Millions of Americans have taken advantage of generous tax incentives provided by Congress to encourage saving for retirement years through contributions to Individual Retirement Accounts (IRAs), 401(k)s, and similar plans.
These options have traditionally featured income tax savings at the time contributions are made to such plans. The assets in the plans then build tax free over time for future enjoyment.
Amounts in these plans are typically not subject to income tax until they are actually withdrawn from the plan by the plan owner or surviving heirs.
You may find that your retirement plan can be an excellent additional “pocket” from which to make all or a portion of your charitable gifts each year.

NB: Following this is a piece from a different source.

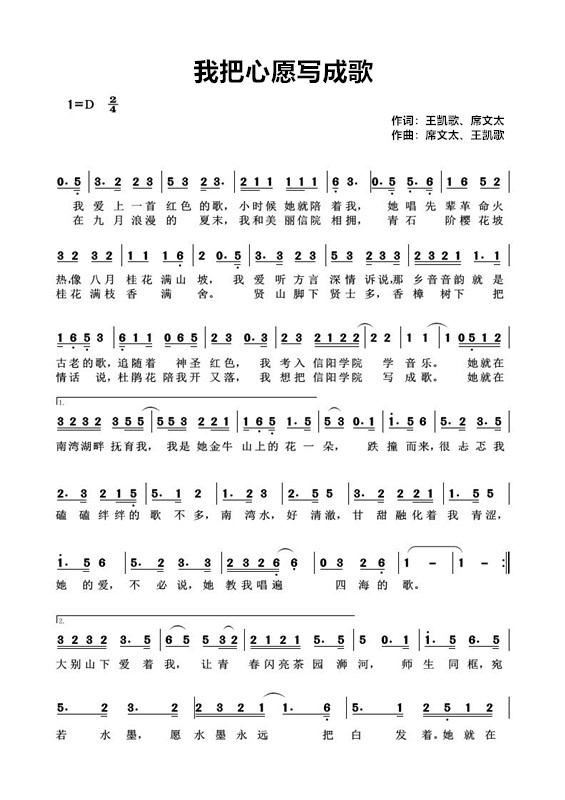 原创歌曲——我把心愿写成歌(王凯歌、席文太作词 席文太、王凯歌作曲)

If you are over the age of 59½, and can make withdrawals from your IRA or other retirement plan without triggering an “early withdrawal” penalty, you may wish to make withdrawals from retirement plans in amounts sufficient to fund all or a portion of your charitable gifts to Annandale Village.
Although you will be required to report the income on your tax return, you are then allowed a corresponding charitable deduction for your cash gifts up to 50% of your adjusted gross income (AGI).
If you are able to deduct the full amount of the gift/withdrawal, this can amount to a “wash” for tax purposes and ensure these funds will, in effect, never be subject to gift, income, or estate taxes.
You should seek assistance from your accountant or other advisor when determining the optimum amount to give from retirement plan accounts under federal and state tax laws.